Grant number: 20/00433-8
Support type:Regular Research Grants
Duration: March 01, 2021 - February 28, 2022
Field of knowledge:Biological Sciences - Parasitology - Protozoology of Parasites
Cooperation agreement: Swedish Research Council (VR)
Mobility Program: SPRINT - Projetos de pesquisa - Mobilidade
Principal researcher:Marcelo Urbano Ferreira
Grantee:Marcelo Urbano Ferreira
Principal researcher abroad: José Pedro Blanco Panadés Gil
Institution abroad: Karolinska Institutet, Sweden
Home Institution: Instituto de Ciências Biomédicas (ICB). Universidade de São Paulo (USP). São Paulo , SP, Brazil
Assoc. researchers:Priscila Thihara Rodrigues
Associated research grant:16/18740-9 - Scientific bases for residual malaria elimination in the Brazilian Amazon, AP.TEM

Abstract

Drug resistance has been for more than a century the hallmark of Plasmodium falciparum. This capacity has driven its expansion worldwide, in particular during the long period of established chloroquine (CQ) resistance. P. vivax is the other species well established to be capable of evasion from antimalarial drug action. P. vivax drug resistance has been initially described against anti-folate antimalarials, through mutations in the pvdhfr and pvdhps genes, mirroring the mechanisms previously unveiled for P. falciparum. CQ resistance is also reported and a rising threat, including in South America. The involved mechanisms show some differences to P. falciparum. In P. vivax, the key gene seems to be pvmdr1, with pvcrt playing here a secondary role. Mixed P. falciparum/P.vivax infections are clinically managed with artemisinin combination therapy (ACT) worldwide. Hence, P. vivax is consequently frequently exposed to a range of ACT drugs beyond CQ and primaquine.
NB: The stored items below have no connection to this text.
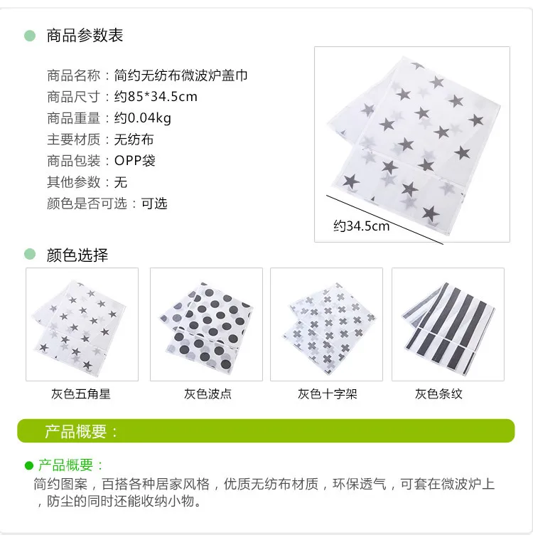 Название продукта: простое нетканое полотенце для микроволновой печи Размер изделия: около 85*34,5 см Вес изделия: около 0,04 кг Основной материал: нетканый материал, не влияет на Упаковка продукта: OPP мешок
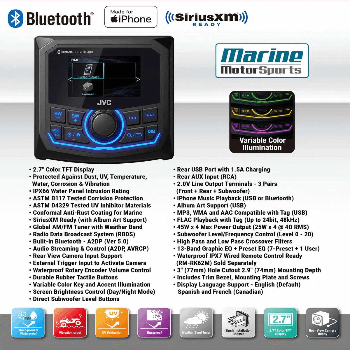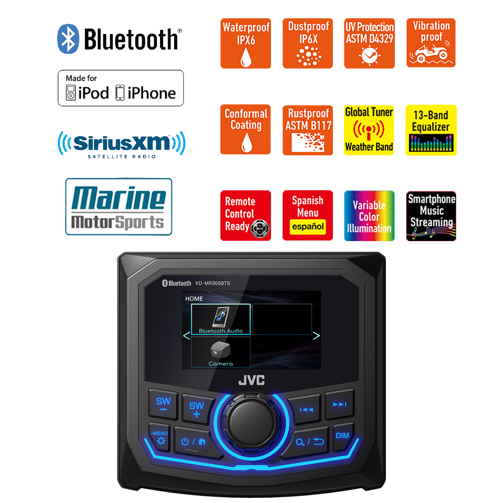JVC KD-MR305BTS Marine MotorSports 2.7" LCD Digital Media Bluetooth 2V IPX66 Rear USB AUX AM/FM Stereo Receiver
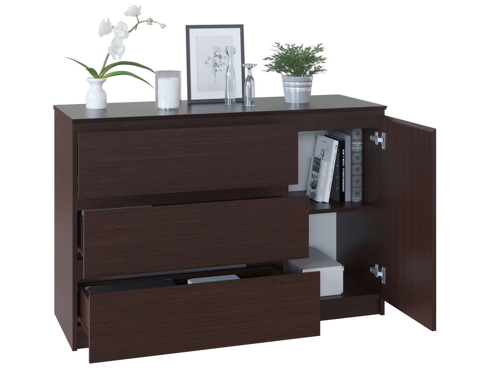 Для изготовления комода используется ЛДСП толщиной 16 мм. Задняя стенка и дно ящиков произведены из ДВП. Модель оснащена роликовыми направляющими.
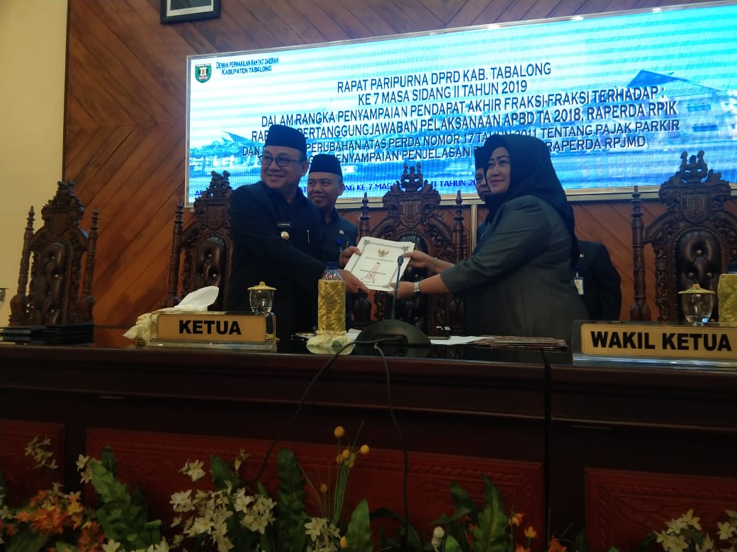 Tujuh fraksi yakni, Fraksi Golkar, Fraksi Demokrat, Fraksi PAN, Fraksi Hanura, Fraksi Gerindra dan dua fraksi gabungan menyatakan setuju terhadap Raperda Pertanggungjawaban Pelaksanaan APBD tahun 2018, Raperda RPIK dan Reperda Perubahan Perda Nomor 17 Tahun 2011 Tentang Pajak Parkir Sekaligus Penyampaian Penjelasan Bupati Atas Raperda RJPMD.
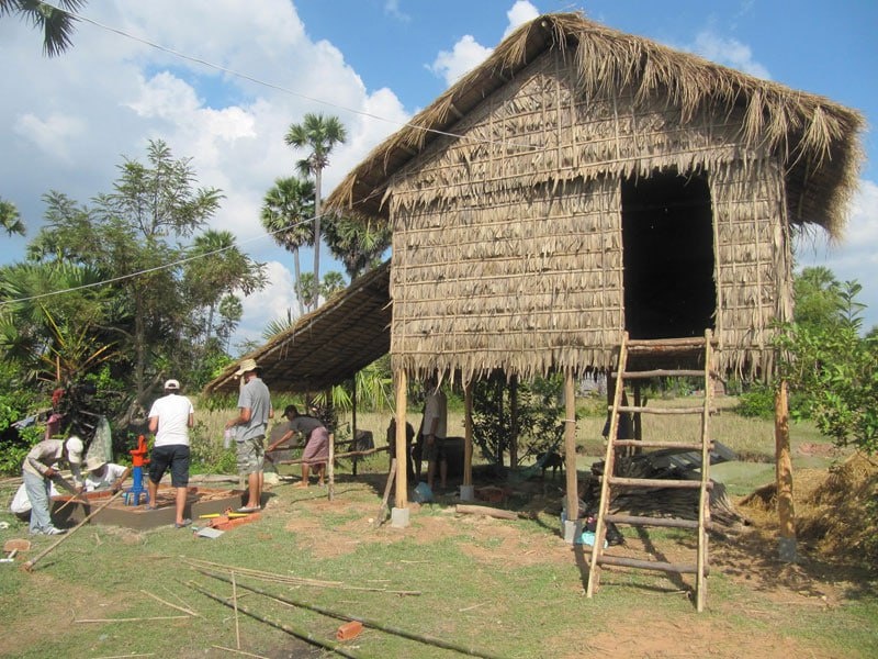 Традиционный сельский дом в Камбодже — это прямоугольное строение из дерева и бамбука с высокой соломенной крышей, которое почти всегда
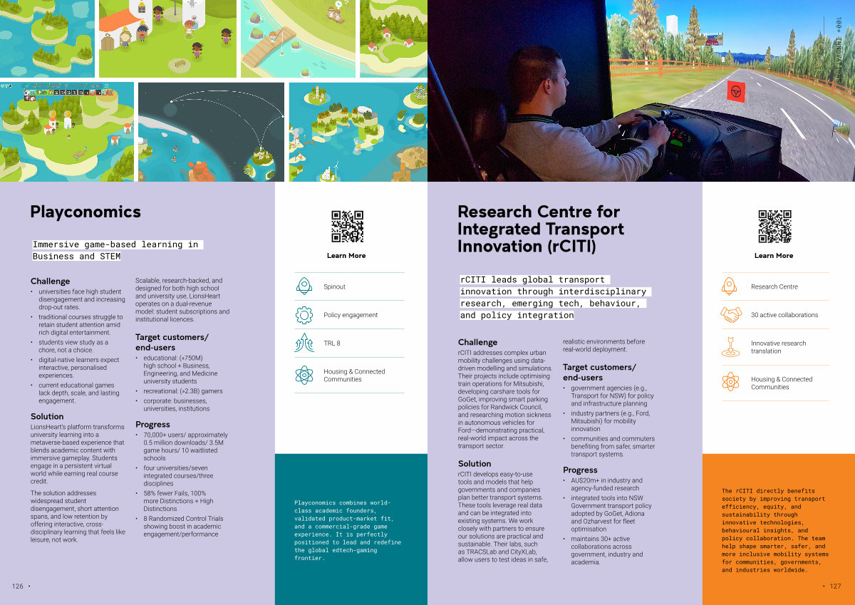 rCITI addresses complex urban mobility challenges using datadriven modelling and simulations. Their projects include optimising train operations for Mitsubishi, developing carshare tools for GoGet, improving smart parking policies for Randwick Council, and researching motion sickness in autonomous vehicles for Ford— demonstrating practical, real-world impact across the transport sector.

Most importantly, proposals for the use of ACT as a mainstay for the management of CQ-R P. vivax infections are gaining momentum, in particular using dihydroartemisinin-piperaquine (DHA-PPQ). Unfortunately, at least P. falciparum seems highly efficient on fast developing resistance against this drug. From the first PPQ mass drug administration application in China in the early 1980s, this capacity has been lately showcased in the swift and spectacular collapse of DHA-PPQ upon large scale nation-wide implementation in Cambodia. The P. falciparum mechanism of piperaquine resistance has been robustly associated in Southeast Asia with increased copy number in the pfPM2 and pfPM3 genes, both coding for functionally overlapping plasmepsins. The question remains if P. vivax will follow a similar pattern. Here we characterize plasmepsine gene amplifications in Brazilian isolates of P. vivax and P. falciparum that have not been previously exposed to PPQ, providing an important clue as for the parasite capacity to develop PPQ resistance upon its local introduction. (AU)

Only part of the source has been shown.